**ENTRIES SHOWN**
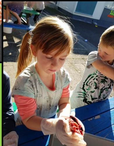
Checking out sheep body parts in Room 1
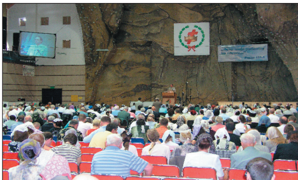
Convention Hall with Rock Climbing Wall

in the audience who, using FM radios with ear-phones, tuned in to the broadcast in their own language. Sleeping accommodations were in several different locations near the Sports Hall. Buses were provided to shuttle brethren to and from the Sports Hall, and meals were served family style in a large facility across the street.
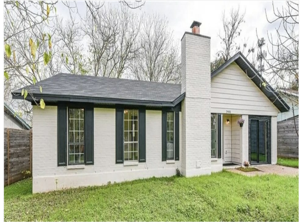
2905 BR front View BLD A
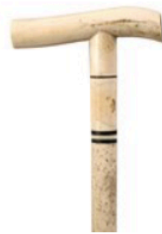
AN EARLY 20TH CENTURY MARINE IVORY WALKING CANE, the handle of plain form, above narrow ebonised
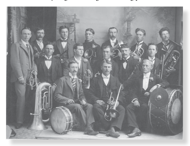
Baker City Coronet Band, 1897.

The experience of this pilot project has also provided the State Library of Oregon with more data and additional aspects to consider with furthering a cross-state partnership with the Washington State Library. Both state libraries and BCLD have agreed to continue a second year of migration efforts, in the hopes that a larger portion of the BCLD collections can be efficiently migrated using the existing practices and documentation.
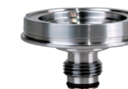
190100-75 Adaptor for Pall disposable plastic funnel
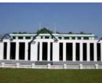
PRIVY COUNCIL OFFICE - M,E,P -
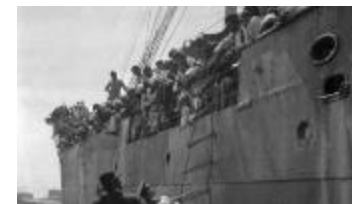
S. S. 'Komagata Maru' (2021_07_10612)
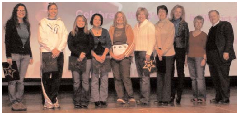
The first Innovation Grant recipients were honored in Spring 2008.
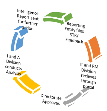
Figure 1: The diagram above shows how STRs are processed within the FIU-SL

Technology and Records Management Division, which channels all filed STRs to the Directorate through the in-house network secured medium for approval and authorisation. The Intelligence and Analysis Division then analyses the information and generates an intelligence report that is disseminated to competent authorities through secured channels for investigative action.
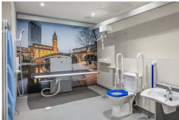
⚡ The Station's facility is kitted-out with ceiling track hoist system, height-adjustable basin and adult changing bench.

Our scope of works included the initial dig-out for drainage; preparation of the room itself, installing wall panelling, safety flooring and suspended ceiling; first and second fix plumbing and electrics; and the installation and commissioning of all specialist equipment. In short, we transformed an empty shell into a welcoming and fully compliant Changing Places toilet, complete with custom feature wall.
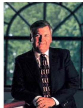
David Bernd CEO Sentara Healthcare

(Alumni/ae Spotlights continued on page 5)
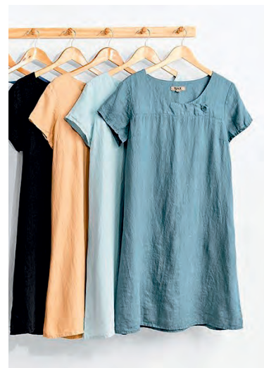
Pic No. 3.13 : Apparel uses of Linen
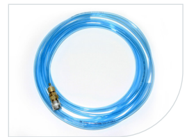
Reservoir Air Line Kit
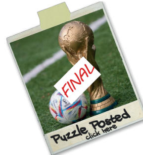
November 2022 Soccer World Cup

---

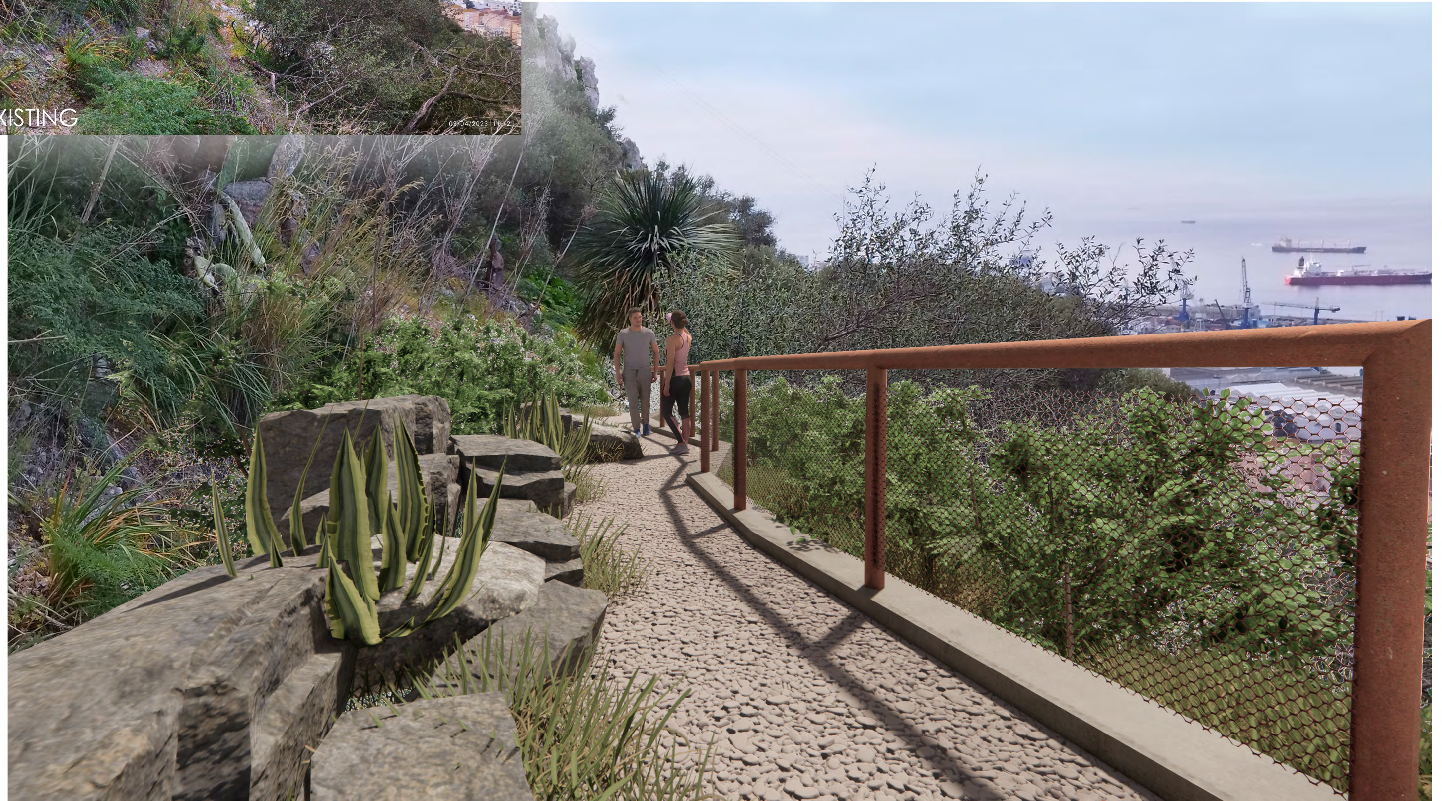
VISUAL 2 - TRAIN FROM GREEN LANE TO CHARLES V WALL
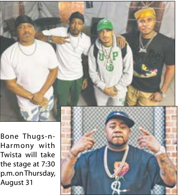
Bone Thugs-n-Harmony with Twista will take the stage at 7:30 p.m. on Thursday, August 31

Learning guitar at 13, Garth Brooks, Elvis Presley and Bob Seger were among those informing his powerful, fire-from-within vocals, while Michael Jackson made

**THE PROBLEM**
Output exactly the lines above that lie between the line with "VISUAL 2 - TRAIN" and the line with "Learning guitar at", those two lines included, and no pictures.

**ANSWER SECTION**
VISUAL 2 - TRAIN FROM GREEN LANE TO CHARLES V WALL
Bone Thugs-n-Harmony with Twista will take the stage at 7:30 p.m. on Thursday, August 31

Learning guitar at 13, Garth Brooks, Elvis Presley and Bob Seger were among those informing his powerful, fire-from-within vocals, while Michael Jackson made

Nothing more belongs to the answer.